Да, конечно, хорошо.
Только иногда странно как-то. Бедность и достаток, откуда они? Зачем они так пытают человека? Зачем то немудрое, чего добивается человек, приходит так поздно?
Вот были годы, когда, едва начав свою самостоятельную трудовую жизнь, бедный учитель в уездном городишке, женился Николай Алексеевич на своей милой Иринушке. Женился потому, что любил Иринушку, потому, что она любила его. Женился, хотя оба они были бедны и одиноки.
Жена молоденькая в его доме, и свирепая в его доме бедность. Душа просит радостей и смеха, а жизнь грозит напастями и бедами, и утомляет трудами, и не дает отдыха.
Работали они оба очень много, а денег у них в доме было очень мало. Порою и совсем не было денег. И очень мало было вещей. Да и те вещи, которые были, были плохи.
Но разве деньги и вещи сильнее человека?
Город, где они жили, был скверный, маленький, ветхий городишко, обнищавший вдали от сильных людей и от больших дорог. И люди в этом городе жили жалкие, угрюмые, злые, завистливые, нищие духом люди. А те, в ком теплилась живая душа, томились там, и тосковали, и рвались убежать из этого постылого города, от этой тусклой жизни; и, если не могли убежать, умирали рано, или убивали сами себя, или спивались.

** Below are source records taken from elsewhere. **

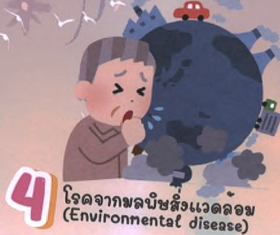
4 โรคจากมลพิษสิ่งแวดล้อม (Environmental disease)
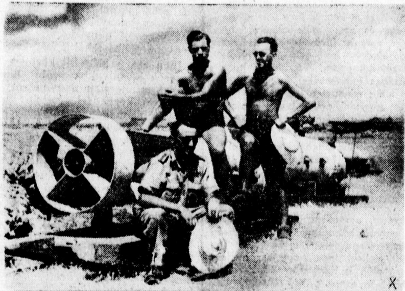
Egy német tábortéri repülőterén

— Tegyük el télire zöldfőzeléket. A m. kir. Közellátási Hivatal a „Táplálkozásunk helyesen” című kiadmánysorozatában most egy újabb füzetet adott ki amely a zöldség és főzelékfélék téli eltevésével foglalkozik. A kiadvány ismereti a zöldség és főzelékfélék téli tárolásának célját és jelentőségét, majd 30 különféle zöldség téli tárolásának módjait írja le. Külön fejezetet szentel a zöldség és főzelékfélék szárításának és aszálásának. Megemlékezik a savanyítással, sózással, gőzöléssel és ecettel való eltevési módokról közel 100 recept alapján. Hasznos útmutatást ad a főzőedények és a tartósításra szánt üvegek helyes tisztítására és kezelésére. A füzet 20 filléres áron kapható az egyes közellátási felügyelőségeknek.
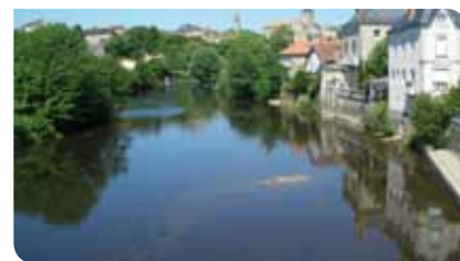
La Gartempe à Montmorillon
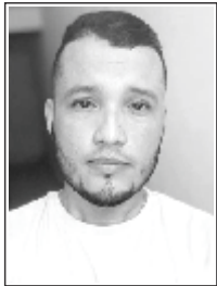
NIDIO QUIROZ [COLABORADOR]

“...en Codazzi con júbilo inmenso de Colombia se canta la gloria que refiere orgullo la historia cuando el triunfo nos dio libertad”
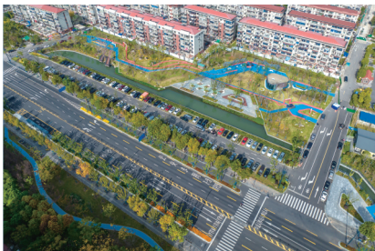
虹桥路两侧景观带
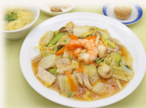
五目あんかけ焼きそば ¥1,760 (税抜価格¥1,600) 777kcal
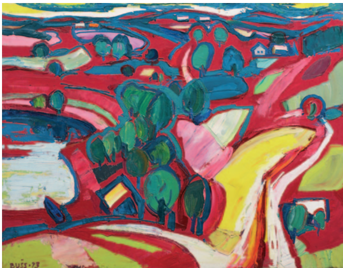
“Bez nosaukuma” (1973. gads)
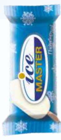
ICE MASTER 冰大师冰淇淋

А вот теперь у Николая Алексеевича дорогая, красивая, хорошо обставленная квартира на одной из лучших улиц большого города. В этой квартире с Николаем Алексеевичем живут жена его, дети, у детей гувернантка, студент-репетитор, бонна и целый штат прислуги. В этой квартире часто бывают гости, милые, любезные, просвещенные люди; смеется и плачет рояль, кто-то поет нежные и страстные романсы; танцуют весело и оживленно; говорят обо всем, что в широком мире случается, волнуя сердца, и что в искусствах живет живою жизнью. Когда нет гостей, вечер занят театром, концертом, маскарадом, посещением знакомых, ужином в ресторане.
Николай Алексеевич работает много, но все-таки гораздо меньше, чем в те юные годы, его первые годы жизни с милою Иринушкою. Имя его довольно известно, книги, которые пишет Николай Скоромыслин, раскупаются неплохо, в обществе о нем иногда говорят, газеты бранят его с достаточною свирепостью, словом, известность несет ему свои дани.

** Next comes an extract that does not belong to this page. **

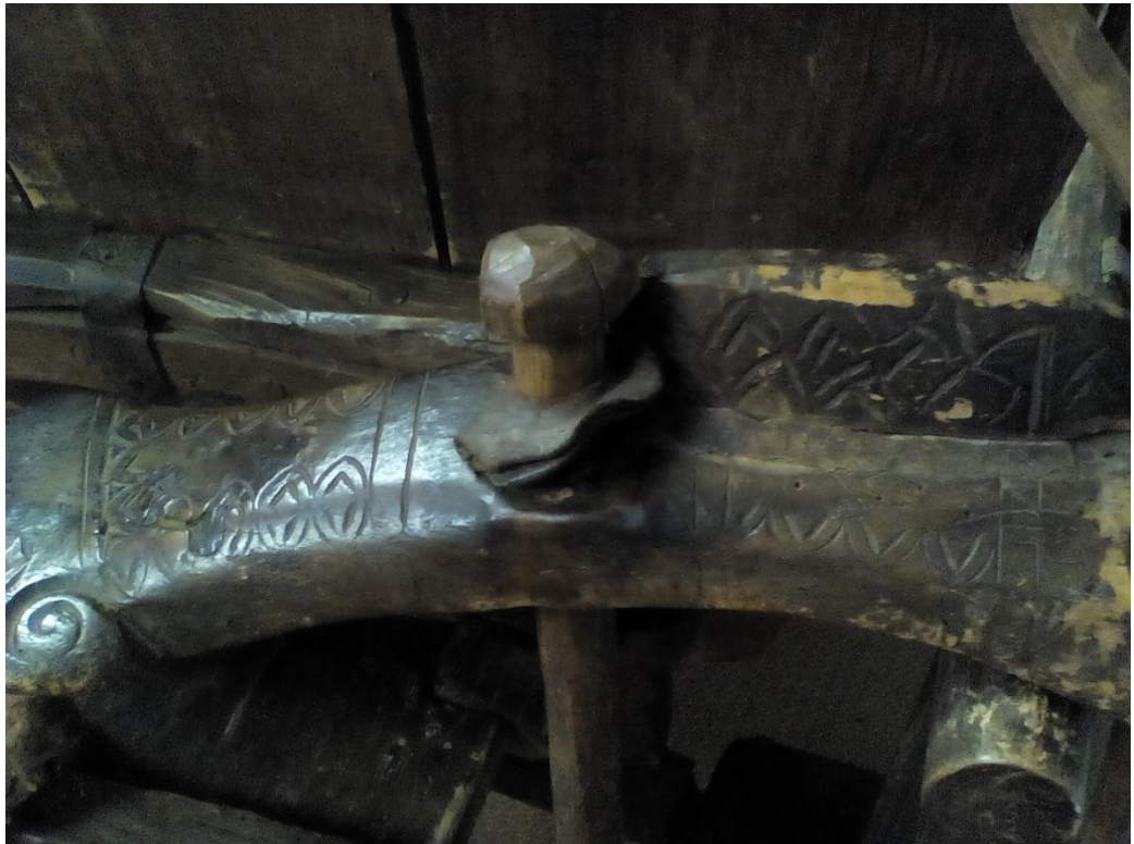
Рис.1.2 Різьблення по дереву.(деталі возу) XIX ст.

Николаю Алексеевичу, конечно, кажется, что у него мало денег. Никому из живущих в городах не довольно того, что есть. Николай Алексеевич в этом не составляет исключения.
А все-таки получает Николай Алексеевич за иной месяц в двадцать раз больше, чем он получал за то же время в те давние годы, за иной месяц в тридцать раз больше, а то иногда и в сорок раз. Бывают и еще более удачные месяцы, но редко.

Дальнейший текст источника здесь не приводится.